Title page for ETD etd-11052008-161122

Type of Document Dissertation
Author Kamminga, Katherine Lee
URN etd-11052008-161122
Title Species survey, monitoring and management of economically important stink bug species in eastern Virginia
Degree PhD
Department Entomology
Advisory Committee
Advisor Name Title
Herbert, David Ames Jr. Committee Chair
Huckaba, Randy M. Committee Member
Kuhar, Thomas P. Committee Member
Mullins, Donald E. Committee Member
Pfeiffer, Douglas G. Committee Member
  • organic insecticide efficacy
  • insecticide efficacy
  • bioassays
  • Euschistus servus
  • Acrosternum hilare
  • modeling
Date of Defense 2008-10-23
Availability unrestricted
Stink bugs are major pests of agricultural crops throughout Virginia and much of the United States. Knowledge of the biology, the species complex, and insecticide susceptibility can improve management. A survey was conducted in Virginia to determine the species complex in soybean and cotton and to monitor for nonnative species. Seven stink bug species were identified. Acrosternum hilare (Say) and Euschistus servus (Say) were the most common. Two sampling methods, the sweep net and the beat sheet, were assessed in soybean and cotton. There was less variability with the sweep net method compared to the beat sheet method.

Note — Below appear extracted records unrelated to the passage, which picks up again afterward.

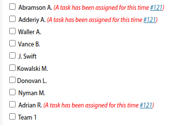 When creating a task and assigning an employee, a check is performed to ensure the employee is not already assigned to another task at that time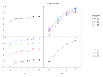 These values are all referred to the gran mean, which we can simply calculate with the function mean(dat$yield) and it is equal to 69.83. This means that the mean for N0 would be 69.83-4.855 = 64.97. we can verify that with another call to the function model.tables, this time with the option type=”means”: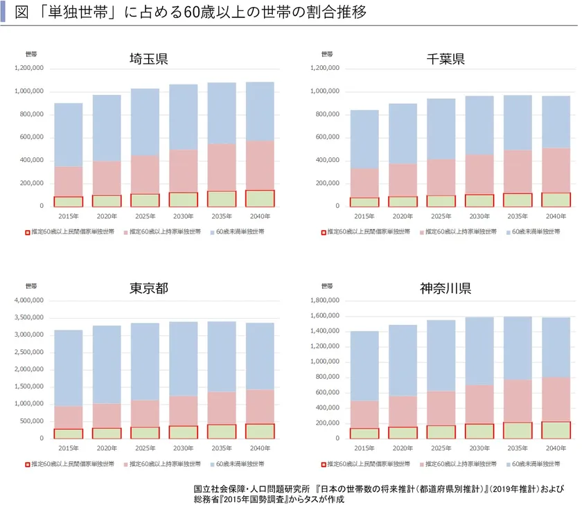(1)居住者の高齢化が進む首都圏の賃貸住宅市場~2040年には60歳以上の単独世帯が90万世帯超へ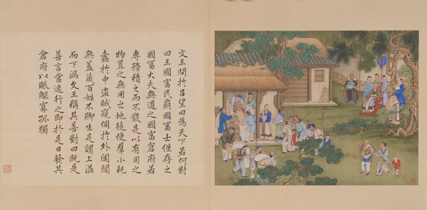 同時,古代帝王對皇子們也積極進行儒學教育。明代編纂有蒙學讀本《養正圖解》,輯錄周文王至宋代的傳說故事,并附有60幅圖解。繪圖解說竭力闡述儒家的綱常觀念及倫理思想,教育皇子修身養性,以求有益于治國平天下。此書也深受清代統治者喜愛,此次展覽展品中有清代重繪的《養正圖解》。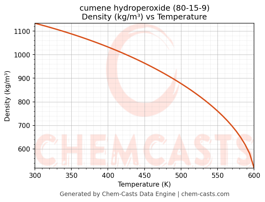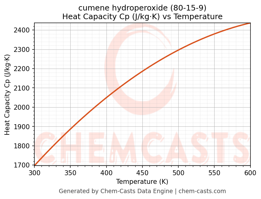 - Specific heat capacity (Cp) indicates the amount of energy required to raise the temperature of cumene hydroperoxide and is critical for energy balance and heat-exchanger design.
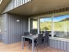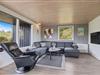 Senere på dagen vil I kunne nyde solens stråler – imens I læner jer tilbage i de komfortable solvogne, der er stillet til rådighed. Eller også kan I mødes her og hygge jer at tilberede jeres aftensmad ved hjælp af sommerhusets grill. Og når solen er ved at gå ned, kan I trække jer tilbage under den afskærmede og overdækkede del af terrassen, og nyde den sidste varme.

Laboratory bioassays and field trials were conducted to evaluate the toxicity and efficacy of selected conventional and organic insecticides against A. hilare and E. servus. In bioassays with conventional insecticides, A. hilare adults and nymphs were susceptible to all pyrethroids tested. Generally, the neonicotinoids, dinotefuran and clothianidin, were more toxic to A. hilare, while thiamethoxam and acetamiprid were more toxic to E. servus. In soybean field efficacy trials, dinotefuran performed comparably to the organophosphates and pyrethroids.

Laboratory bioassays with organic insecticides resulted in moderate to high levels of mortality, and in antifeedant and repellency responses. Likewise, soybean field trials indicated that a single application can reduce stink bug numbers for up to two days after treatment; however in tomato field trials multiple weekly applications did not result in significant reductions in stink bug damage.

A weather model to predict abundance of A. hilare adults was developed using weekly black light trap catch data collected from 1990 to 2007 at a single location. The two weather variables that resulted in a significant model were days below freezing and mean monthly precipitation from January to April. The model was validated by correlating five independent data sets to predicted weekly trap catch. Mean trap catch plotted over time showed three peaks. In accordance with A. hilare developmental rates, the peaks indicated that two generations and a partial third occur in Virginia. Cumulative trap catch estimated from the 18-yr trap catch mean showed that 10, 50, and 90% of the total seasonal catch should occur by 153, 501, and 1066 degree days, respectively.